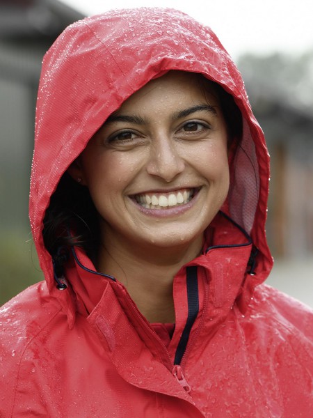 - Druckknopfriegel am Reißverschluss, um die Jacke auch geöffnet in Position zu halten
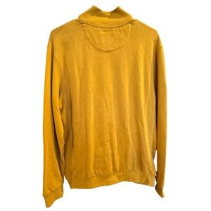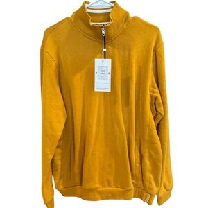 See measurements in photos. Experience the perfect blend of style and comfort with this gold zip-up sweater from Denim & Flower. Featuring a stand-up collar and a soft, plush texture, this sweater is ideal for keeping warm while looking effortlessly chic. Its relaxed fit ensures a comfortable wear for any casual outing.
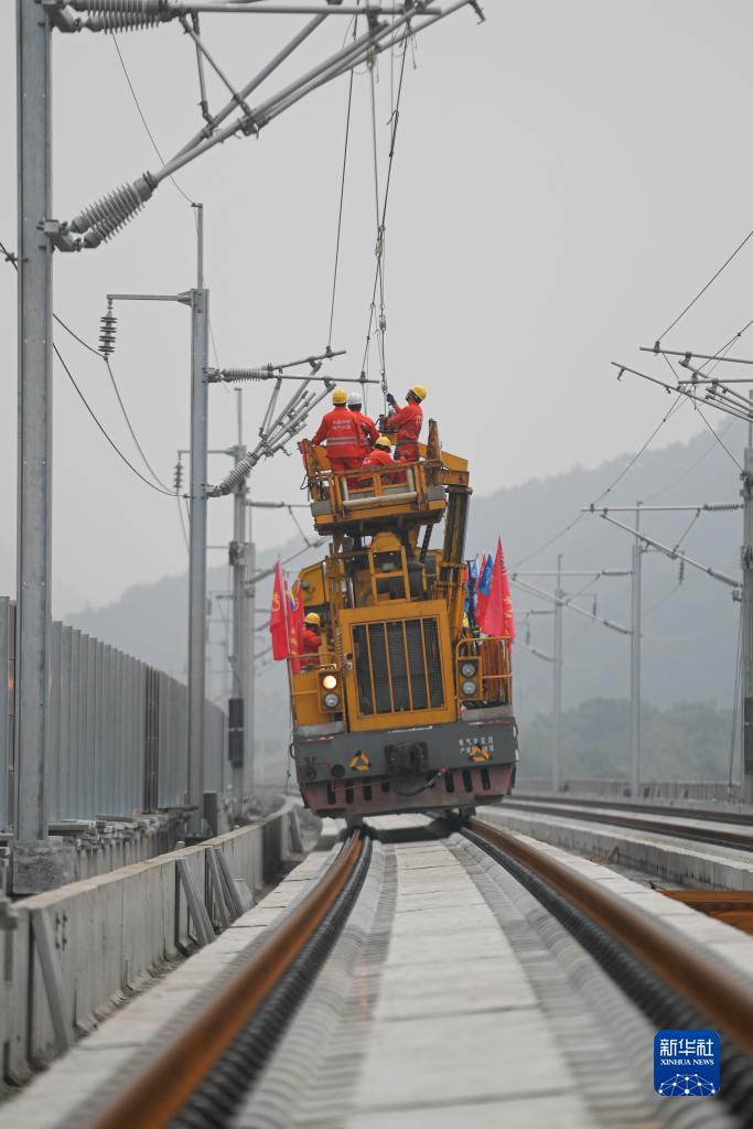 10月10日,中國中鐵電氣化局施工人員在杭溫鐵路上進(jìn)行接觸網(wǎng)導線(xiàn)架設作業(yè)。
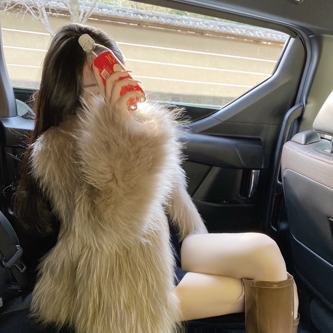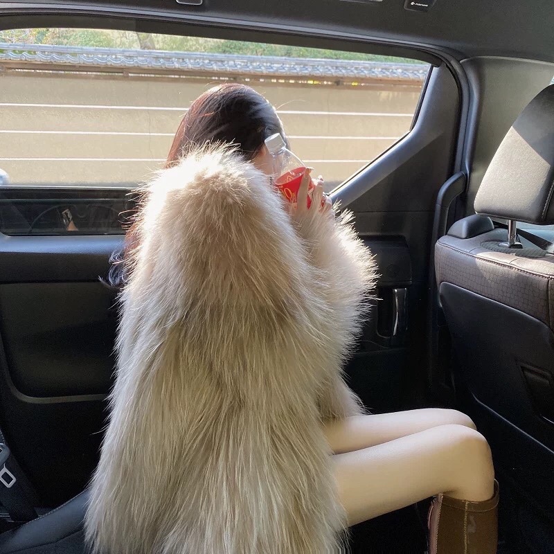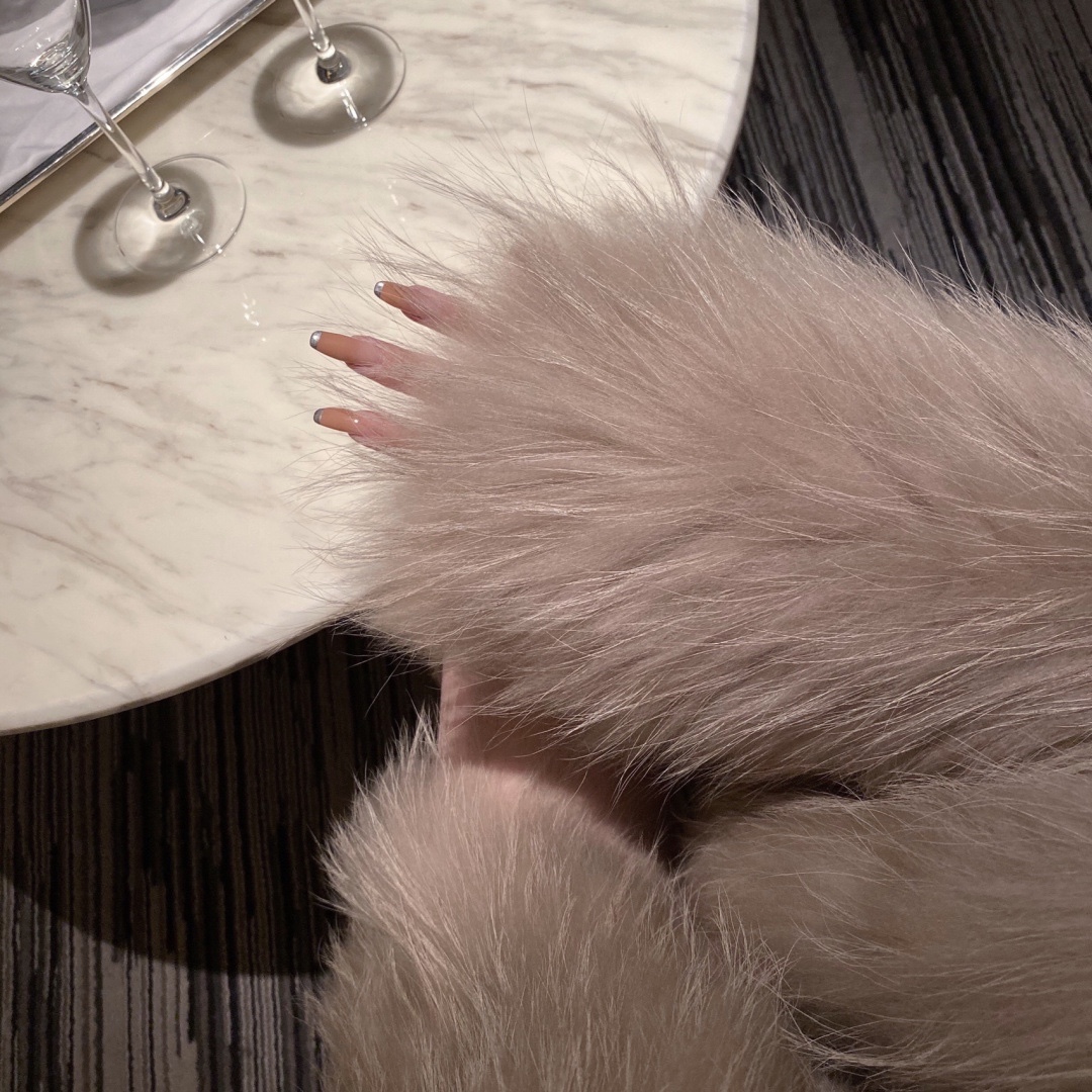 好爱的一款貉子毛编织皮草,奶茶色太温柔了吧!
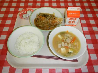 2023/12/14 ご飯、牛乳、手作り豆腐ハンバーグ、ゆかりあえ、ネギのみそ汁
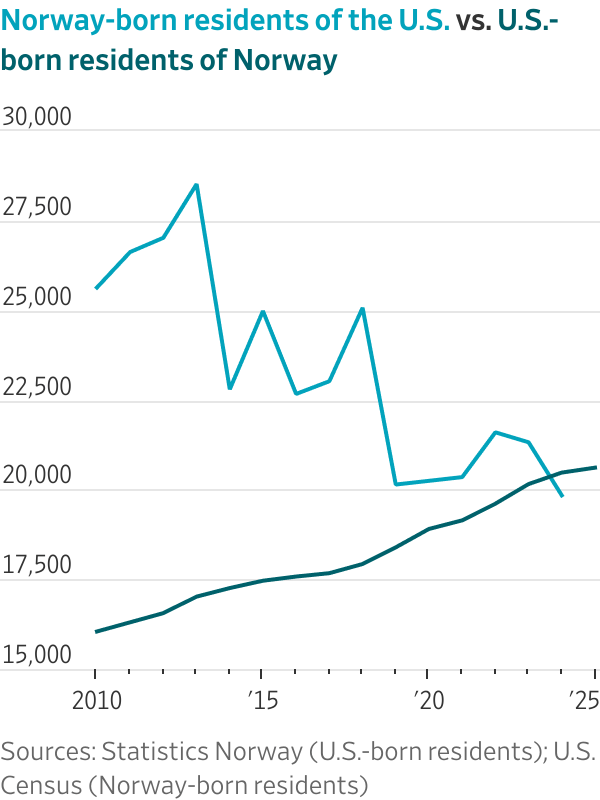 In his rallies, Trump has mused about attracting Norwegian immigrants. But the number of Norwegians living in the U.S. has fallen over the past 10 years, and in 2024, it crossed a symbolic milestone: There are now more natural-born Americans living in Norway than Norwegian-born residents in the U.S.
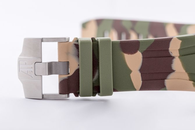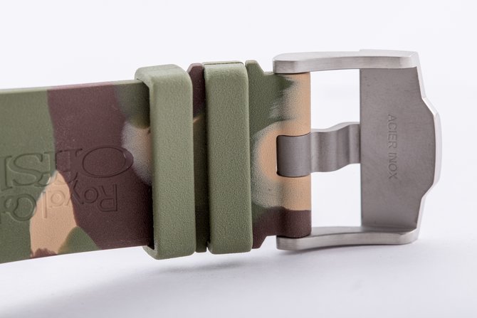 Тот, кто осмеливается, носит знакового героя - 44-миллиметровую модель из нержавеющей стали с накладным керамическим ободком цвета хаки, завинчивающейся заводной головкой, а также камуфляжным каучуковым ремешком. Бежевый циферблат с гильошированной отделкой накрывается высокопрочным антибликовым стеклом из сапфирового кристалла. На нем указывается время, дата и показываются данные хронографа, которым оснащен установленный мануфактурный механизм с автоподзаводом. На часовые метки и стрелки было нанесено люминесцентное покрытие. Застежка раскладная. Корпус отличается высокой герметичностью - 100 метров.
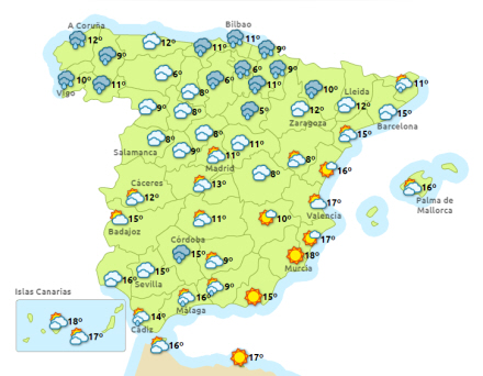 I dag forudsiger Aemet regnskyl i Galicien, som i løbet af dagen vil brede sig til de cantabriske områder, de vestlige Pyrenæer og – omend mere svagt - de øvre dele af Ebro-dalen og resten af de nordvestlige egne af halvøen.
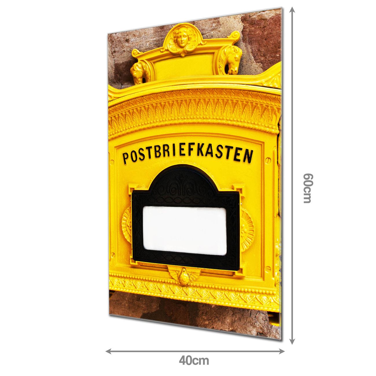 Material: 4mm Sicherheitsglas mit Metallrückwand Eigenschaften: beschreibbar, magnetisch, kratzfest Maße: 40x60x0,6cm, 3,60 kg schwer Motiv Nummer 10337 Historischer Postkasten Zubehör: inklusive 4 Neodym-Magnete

• • •

→ **WHAT THE TASK REQUIRES**
Before you return the listing exactly, strip out its pictures.

→ **TASK RESPONSE**
 - Druckknopfriegel am Reißverschluss, um die Jacke auch geöffnet in Position zu halten
 See measurements in photos. Experience the perfect blend of style and comfort with this gold zip-up sweater from Denim & Flower. Featuring a stand-up collar and a soft, plush texture, this sweater is ideal for keeping warm while looking effortlessly chic. Its relaxed fit ensures a comfortable wear for any casual outing.
 10月10日,中國中鐵電氣化局施工人員在杭溫鐵路上進(jìn)行接觸網(wǎng)導線(xiàn)架設作業(yè)。
 好爱的一款貉子毛编织皮草,奶茶色太温柔了吧!
 2023/12/14 ご飯、牛乳、手作り豆腐ハンバーグ、ゆかりあえ、ネギのみそ汁
 In his rallies, Trump has mused about attracting Norwegian immigrants. But the number of Norwegians living in the U.S. has fallen over the past 10 years, and in 2024, it crossed a symbolic milestone: There are now more natural-born Americans living in Norway than Norwegian-born residents in the U.S.
 Тот, кто осмеливается, носит знакового героя - 44-миллиметровую модель из нержавеющей стали с накладным керамическим ободком цвета хаки, завинчивающейся заводной головкой, а также камуфляжным каучуковым ремешком. Бежевый циферблат с гильошированной отделкой накрывается высокопрочным антибликовым стеклом из сапфирового кристалла. На нем указывается время, дата и показываются данные хронографа, которым оснащен установленный мануфактурный механизм с автоподзаводом. На часовые метки и стрелки было нанесено люминесцентное покрытие. Застежка раскладная. Корпус отличается высокой герметичностью - 100 метров.
 I dag forudsiger Aemet regnskyl i Galicien, som i løbet af dagen vil brede sig til de cantabriske områder, de vestlige Pyrenæer og – omend mere svagt - de øvre dele af Ebro-dalen og resten af de nordvestlige egne af halvøen.
 Material: 4mm Sicherheitsglas mit Metallrückwand Eigenschaften: beschreibbar, magnetisch, kratzfest Maße: 40x60x0,6cm, 3,60 kg schwer Motiv Nummer 10337 Historischer Postkasten Zubehör: inklusive 4 Neodym-Magnete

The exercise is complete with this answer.